La riapertura dello stretto di Hormuz come conseguenza del cessate il fuoco di due settimane tra Usa e Iran, non raffredderà i prezzi del carburante per aerei, nonostante il greggio sia crollati del 16% scendendo sotto i 100 dollari al barile dopo l’annuncio nella notte. Willie Walsh, direttore generale dell’Associazione internazionale del trasporto aereo (IATA) ancora per pochi mesi prima di passare alla guida della compagnia indiana IndiGo, ha avvertito che ci vorranno mesi prima che l’approvvigionamento di carburante per aerei si riprenda, anche dopo la riapertura di Hormuz. a causa delle interruzioni dei processi di raffinazione in Medio Oriente.
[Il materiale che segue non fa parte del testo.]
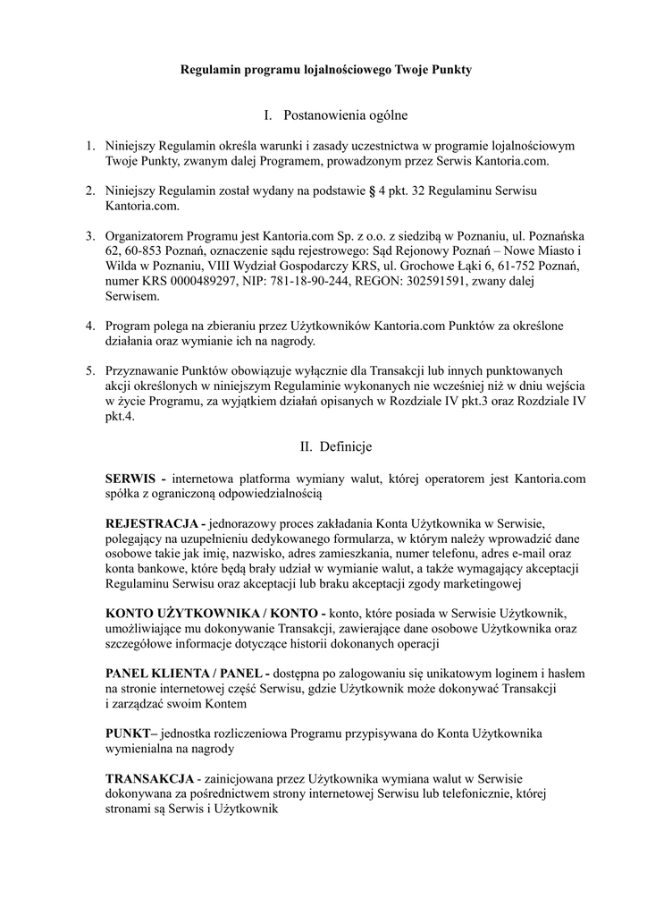 Regulamin programu lojalnościowego Twoje Punkty I. Postanowienia ogólne 1. Niniejszy Regulamin określa warunki i zasady uczestnictwa w programie lojalnościowym Twoje Punkty, zwanym dalej Programem, prowadzonym przez Serwis Kantoria.com. 2. Niniejszy Regulamin został wydany na podstawie § 4 pkt. 32 Regulaminu Serwisu Kantoria.com. 3. Organizatorem Programu jest Kantoria.com Sp. z o.o. z siedzibą w Poznaniu, ul. Poznańska 62, 60-853 Poznań, oznaczenie sądu rejestrowego: Sąd Rejonowy Poznań – Nowe Miasto i Wilda w Poznaniu, VIII Wydział Gospodarczy KRS, ul. Grochowe Łąki 6, 61-752 Poznań, numer KRS 0000489297, NIP: 781-18-90-244, REGON: 302591591, zwany dalej Serwisem. 4. Program polega na zbieraniu przez Użytkowników Kantoria.com Punktów za określone działania oraz wymianie ich na nagrody. 5. Przyznawanie Punktów obowiązuje wyłącznie dla Transakcji lub innych punktowanych akcji określonych w niniejszym Regulaminie wykonanych nie wcześniej niż w dniu wejścia w życie Programu, za wyjątkiem działań opisanych w Rozdziale IV pkt.3 oraz Rozdziale IV pkt.4. II. Definicje SERWIS - internetowa platforma wymiany walut, której operatorem jest Kantoria.com spółka z ograniczoną odpowiedzialnością REJESTRACJA - jednorazowy proces zakładania Konta Użytkownika w Serwisie, polegający na uzupełnieniu dedykowanego formularza, w którym należy wprowadzić dane osobowe takie jak imię, nazwisko, adres zamieszkania, numer telefonu, adres e-mail oraz konta bankowe, które będą brały udział w wymianie walut, a także wymagający akceptacji Regulaminu Serwisu oraz akceptacji lub braku akceptacji zgody marketingowej KONTO UŻYTKOWNIKA / KONTO - konto, które posiada w Serwisie Użytkownik, umożliwiające mu dokonywanie Transakcji, zawierające dane osobowe Użytkownika oraz szczegółowe informacje dotyczące historii dokonanych operacji PANEL KLIENTA / PANEL - dostępna po zalogowaniu się unikatowym loginem i hasłem na stronie internetowej część Serwisu, gdzie Użytkownik może dokonywać Transakcji i zarządzać swoim Kontem PUNKT– jednostka rozliczeniowa Programu przypisywana do Konta Użytkownika wymienialna na nagrody TRANSAKCJA - zainicjowana przez Użytkownika wymiana walut w Serwisie dokonywana za pośrednictwem strony internetowej Serwisu lub telefonicznie, której stronami są Serwis i Użytkownik UŻYTKOWNIK - podmiot, który dokonał prawidłowej Rejestracji konta na stronie internetowej https://www.kantoria.com poprzez uzupełnienie formularza z danymi osobowymi, który jest: a) pełnoletnią osobą fizyczną, posiadającą pełną zdolność do czynności prawnych, b) osobą prawną i jednostką organizacją nieposiadającą osobowości prawnej reprezentowane przez uprawnione do tego podmioty SKUTECZNE POLECENIE – sytuacja, w wyniku której Osoba Polecająca przekaże Kod Osobie Polecanej i przy użyciu którego Osoba Polecana zarejestruje się w Serwisie i dokona co najmniej jednej Transakcji o wartości nie mniejszej niż 100 jednostek Podstawowej Waluty OSOBA POLECAJĄCA– Użytkownik, który zrealizował co najmniej jedną Transakcję wymiany waluty na co najmniej 100 jednostek Waluty Podstawowej w Serwisie i przekazał swój Kod innej osobie niebędącej dotąd Użytkownikiem Serwisu, przy użyciu którego osoba ta dokonała Rejestracji OSOBA POLECANA– osoba niebędąca wcześniej Użytkownikiem Serwisu, która zarejestrowała się z użyciem Kodu otrzymanego od Osoby Polecającej, i wcześniej nie dokonywała Transakcji w Serwisie przy użyciu innego Konta KOD – unikatowy ciąg znaków stanowiący jednocześnie Login Osoby Polecającej pozwalający na powiązanie Osoby Poleconej z Osobą Polecającą KURS ŚREDNI – średnia arytmetyczna wyliczona z aktualnego kursu kupna i kursu sprzedaży ze strony internetowej Serwisu, zwany potocznie kursem Forex. Transakcja wymieniona po Kursie Średnim zawiera maksymalny upust, jaki Użytkownik może otrzymać w Serwisie WALUTA PODSTAWOWA– waluty biorące udział w Programie: EUR, CHF, USD, GBP III. Warunki przystąpienia do Programu 1. Program skierowany jest do Użytkowników Serwisu, którzy dokonali Rejestracji. 2. Punkty gromadzone są na Koncie Użytkownika w Serwisie. 3. Działaniami w rozumieniu Rozdziału III pkt. 3 są: a. skuteczne Polecenie, b. wystawienie opinii w serwisie Opineo.pl c. wystawienie opinii w serwisie Facebook.com d. wystawienie opinii w Google e. ustawienie i realizowanie Transakcji w ramach usługi Stała Transakcja, f. udział w innych akcjach i konkursach niewymienionych w niniejszym Regulaminie organizowanych okolicznościowo przez Serwis. 4. Ilość Punktów, jakie można otrzymać za poszczególne działania wymienione w Rozdziale III pkt.3 określa Załącznik do niniejszego Regulaminu. IV. Zasady przyznawania Punktów 1. Zasady przyznawania punktów za Skuteczne Polecenie a. w celu uzyskania Punktów za Skuteczne Polecenie należy spełnić następujące kryteria łącznie: - Osoba Polecająca, która dokonała wymiany na co najmniej 100 jednostek Waluty Podstawowej, przekazuje swój Kod Osobie Polecanej - Osoba Polecana rejestruje się w Serwisie przy użyciu Kodu otrzymanego od Osoby Polecającej - Osoba Polecana dokonuje wymiany walut na co najmniej 100 jednostek Waluty Podstawowej na swój numer rachunku lub numer rachunku osoby trzeciej niebędącej dotąd Użytkownikiem Serwisu. b. Jeżeli Osoba Polecana z jakiś przyczyn nie poda Kodu otrzymanego od Osoby Polecającej podczas Rejestracji, może go uzupełnić w Panelu Klienta maksymalnie przed dokonaniem pierwszej Transakcji. c. Osoba Polecająca oraz Osoba Polecana otrzymują automatycznie Punkty za Skuteczne Polecenie w wysokości określonej zgodnie z Załącznikiem do niniejszego Regulaminu w terminie do 3 dni roboczych od daty spełnienia warunków określonych w Rozdziale IV pkt.1 lit a. d. Osoba Polecająca może polecić Serwis dowolnej liczbie osób. 2. Zasady przyznawania punktów za wys

Walsh ha dichiarato ai giornalisti, nel corso di un evento a Singapore, che pur prevedendo un calo dei prezzi del greggio, quelli del carburante per aerei probabilmente rimarranno elevati a causa dell’impatto sulle raffinerie. «Se dovessero riaprire e rimanere aperte, credo che ci vorranno comunque diversi mesi per tornare ai livelli di fornitura pre-crisi, per via dell’interruzione della capacità di raffinazione in Medio Oriente», ha affermato Walsh.
I prezzi del carburante per aerei normalmente si muovono di pari passo con quelli del petrolio, ma dall’inizio del conflitto sono più che raddoppiati, superando l’aumento del 50% dei greggio prima del cessate il fuoco di due settimane. Tra le conseguenze della riduzione delle forniture per il conflitto, ci sono l’aumento dei costi e di conseguenza dei biglietti aerei, la riduzione dei voli, il trasporto di carburante extra dagli aeroporti di origine e l’aggiunta di scali intermedi per il rifornimento. Come nel caso dell’americana Delta Air Lines che prevede di pagare circa 4,30 dollari al gallone per il carburante per aerei nel trimestre di giugno, aggiungendo oltre 2 miliardi di dollari al prezzo di un anno prima. Il carburante rappresenta la seconda voce di spesa più importante per le compagnie aeree, dopo il costo del lavoro, e in genere costituisce circa il 30% delle spese operative.